The compressNetworkUsingProjection function supports projecting these layers:

Data Types: string | cell

`ExplainedVarianceGoal` — Target proportion of neuron activation variance explained by principal components
`0.95` (default) | nonnegative scalar less than or equal to 1

Target proportion of neuron activation variance explained by the remaining principal components of each projected layer, specified as a value between 0 (maximum compression) and 1 (project layers with minimal compression).

If you specify the ExplainedVarianceGoal option, then you must not specify the LearnablesReductionGoal option.

`LearnablesReductionGoal` — Target proportion of total number of network learnables to remove
nonnegative scalar less than or equal to 1

Target proportion of total number of network learnables to remove, specified as a nonnegative scalar less than or equal to 1.

If you specify the LearnablesReductionGoal option, then you must not specify the ExplainedVarianceGoal option. If you do not specify the LearnablesReductionGoal option, then the function compresses the network using the ExplainedVarianceGoal option.

If LearnablesReductionGoal is greater than the maximum possible reduction in learnables, then the function removes the maximum possible proportion of learnables. Use the neuronPCA function to determine the possible range of reduction in learnables.

If LearnablesReductionGoal is smaller than the maximum possible reduction in learnables, then the function removes at least the proportion of learnables specified by LearnablesReductionGoal. If removing a greater proportion of learnables does not reduce the explained variance, then the function automatically removes a higher proportion of learnables. For example, if you specify a learnables reduction goal of 0.2, and if the explained variance is the same for learnables reductions between 0.2 and 0.5, then the function removes 50% of learnables.
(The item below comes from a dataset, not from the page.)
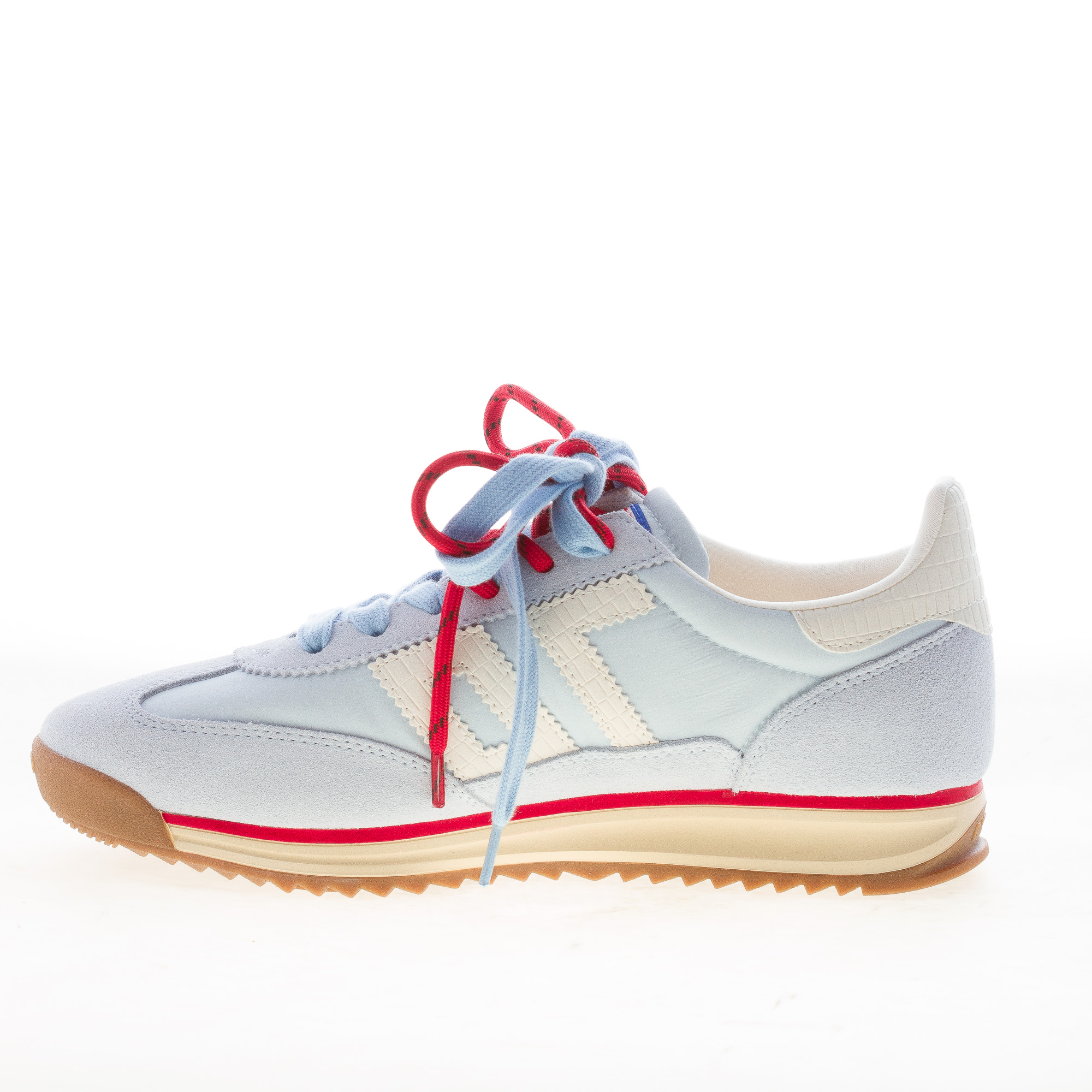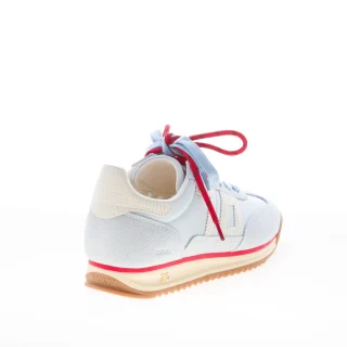 Jogger Spongy sneaker made in blue sky nylon fabric and suede with white croco-embossed leather logo 70 at side and back detail. New fashion detail with alternative contrasting cord. Removable footbed of 1,5 cm. Rubber sole with a 3 cm height at the heel.

`VerbosityLevel` — Verbosity level
`"summary"` (default) | `"steps"` | `"iterations"` | `"off"`

Verbosity level, specified as one of these values:

"summary" — Display a summary of the compression algorithm.
"steps" — Display information about the steps of the compression algorithm.
"iterations" — Display information about the iterations of the compression algorithm.
"off" — Do not display information.

`UnpackProjectedLayers` — Flag to unpack projected layers
`0` (`false`) (default) | `1` (`true`)

Since R2023b

Flag to unpack projected layers, specified as one of these values:

0 (false) — Do not unpack projected layers. The function replaces projectable layers with ProjectedLayer objects.
1 (true) — Unpack projected layers. The function replaces projectable layers with the network that is equivalent to the projection.

Output Arguments

collapse all

`netProjected` — Projected network
`dlnetwork` object

Projected network, returned as a dlnetwork object.

After you compress the network using projection, you can fine-tune the network to help regain predictive accuracy lost by the compression process. For an example, see Compress Neural Network Using Projection.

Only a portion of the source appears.